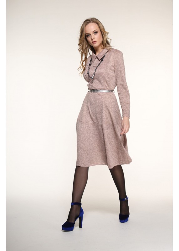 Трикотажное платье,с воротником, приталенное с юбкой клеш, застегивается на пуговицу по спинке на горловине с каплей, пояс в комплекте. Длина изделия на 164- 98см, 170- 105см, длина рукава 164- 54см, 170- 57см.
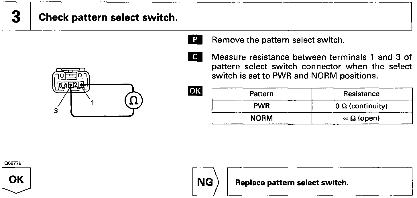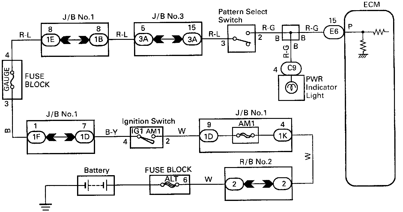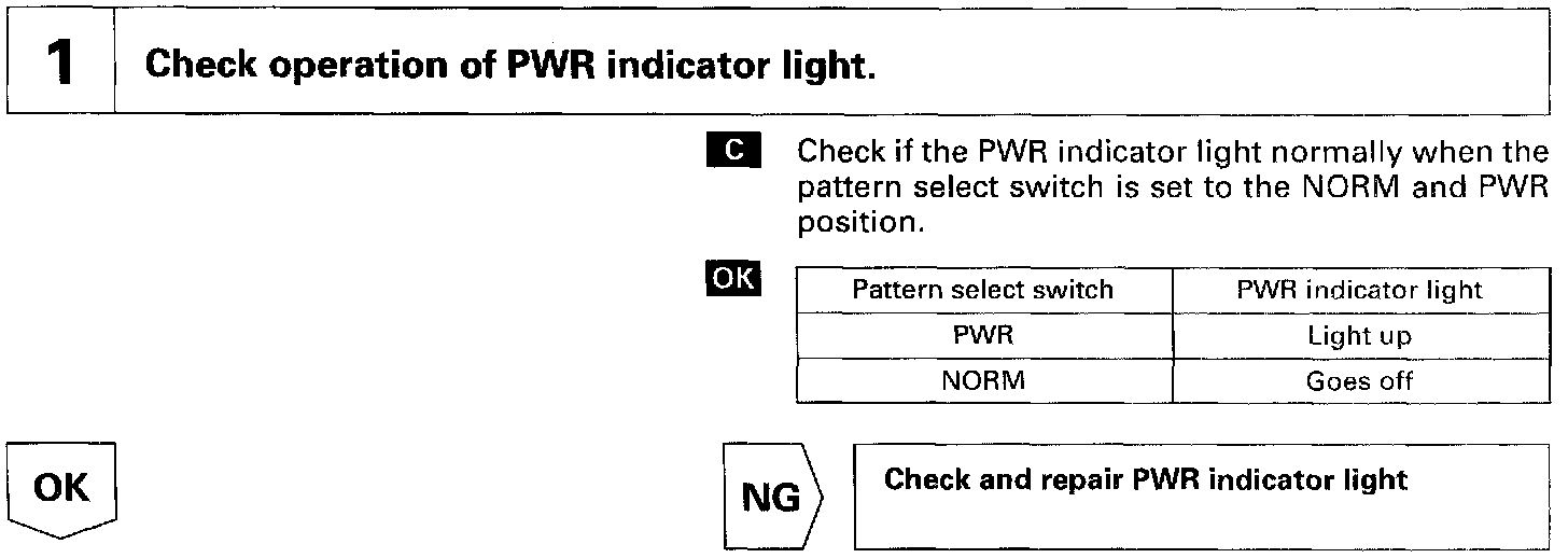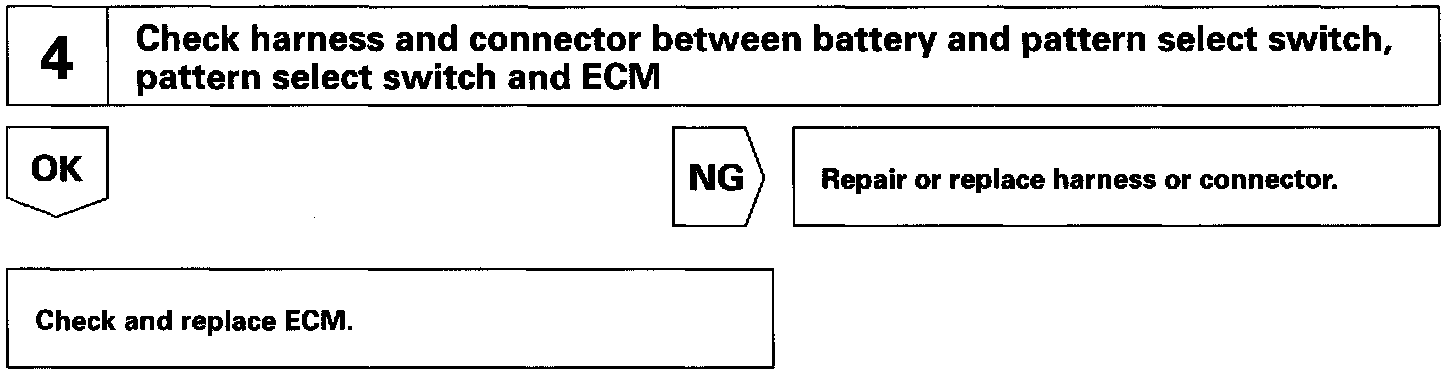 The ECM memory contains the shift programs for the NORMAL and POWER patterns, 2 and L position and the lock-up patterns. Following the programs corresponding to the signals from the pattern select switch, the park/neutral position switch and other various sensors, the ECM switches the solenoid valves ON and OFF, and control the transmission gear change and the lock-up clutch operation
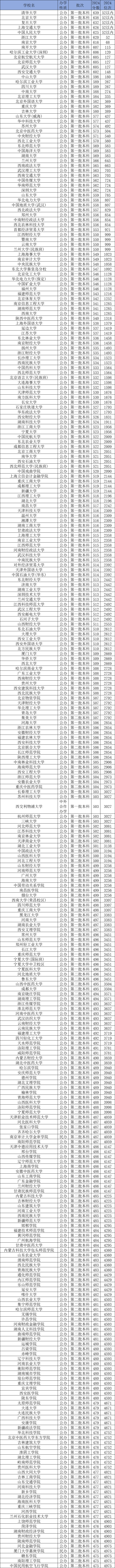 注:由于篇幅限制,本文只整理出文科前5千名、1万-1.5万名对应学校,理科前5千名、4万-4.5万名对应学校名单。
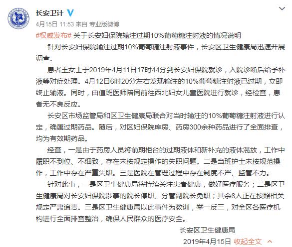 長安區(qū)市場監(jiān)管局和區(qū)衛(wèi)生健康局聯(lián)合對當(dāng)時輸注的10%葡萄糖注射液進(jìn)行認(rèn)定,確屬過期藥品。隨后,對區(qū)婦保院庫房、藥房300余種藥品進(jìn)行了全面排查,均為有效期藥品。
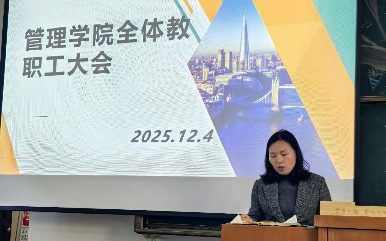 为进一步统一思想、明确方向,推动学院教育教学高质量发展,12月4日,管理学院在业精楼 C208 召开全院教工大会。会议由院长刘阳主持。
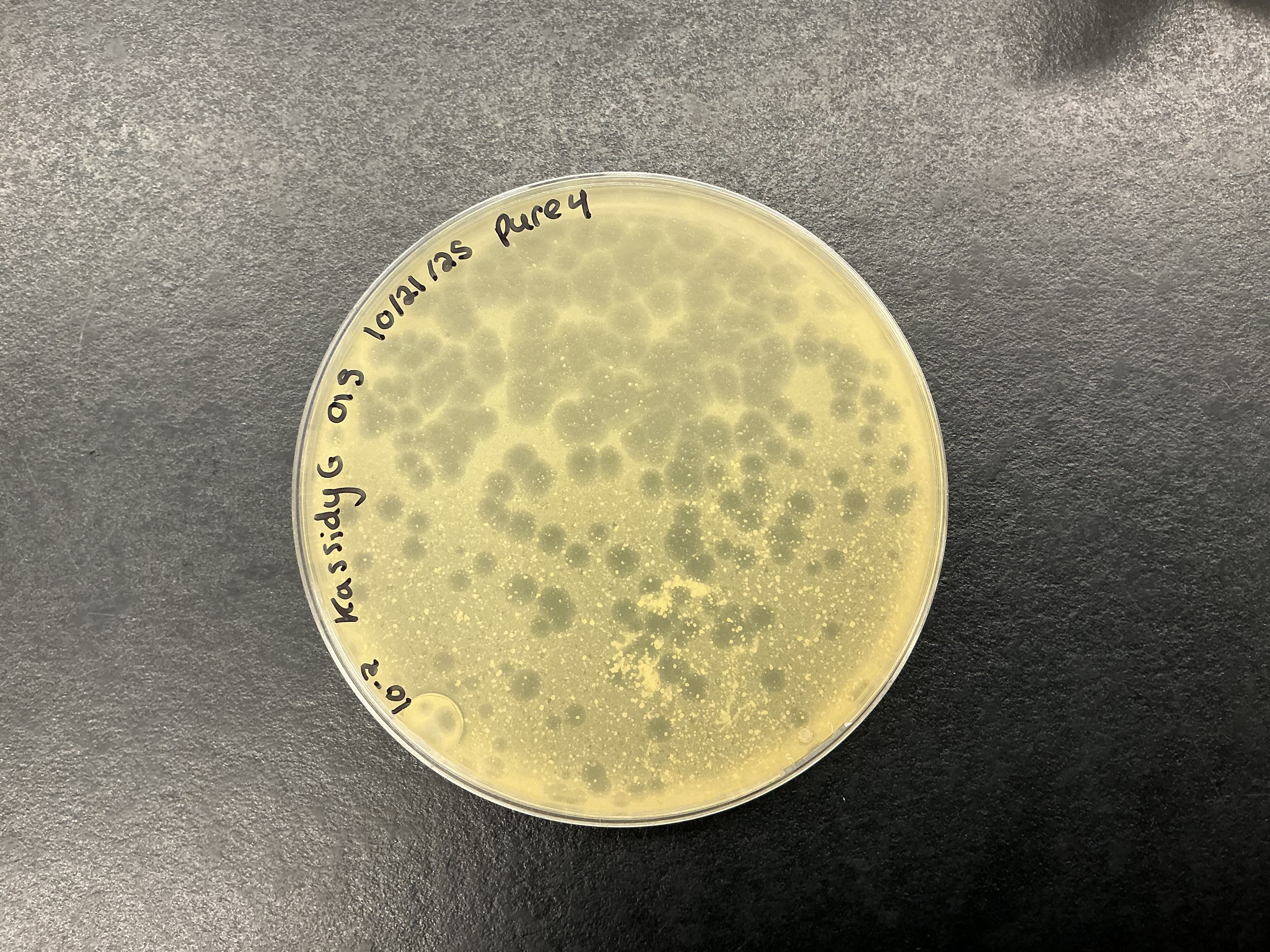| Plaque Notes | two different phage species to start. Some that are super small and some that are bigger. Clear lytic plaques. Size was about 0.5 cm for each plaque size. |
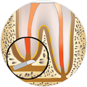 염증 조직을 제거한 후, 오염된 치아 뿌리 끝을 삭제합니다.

• • • • • • •

What the exercise asks >>
Copy the records above exactly, from the first line through the line containing "注:由于篇幅限制,本文只整理", and leave out the pictures.

Worked solution >>
 Трикотажное платье,с воротником, приталенное с юбкой клеш, застегивается на пуговицу по спинке на горловине с каплей, пояс в комплекте. Длина изделия на 164- 98см, 170- 105см, длина рукава 164- 54см, 170- 57см.
 The ECM memory contains the shift programs for the NORMAL and POWER patterns, 2 and L position and the lock-up patterns. Following the programs corresponding to the signals from the pattern select switch, the park/neutral position switch and other various sensors, the ECM switches the solenoid valves ON and OFF, and control the transmission gear change and the lock-up clutch operation
 注:由于篇幅限制,本文只整理出文科前5千名、1万-1.5万名对应学校,理科前5千名、4万-4.5万名对应学校名单。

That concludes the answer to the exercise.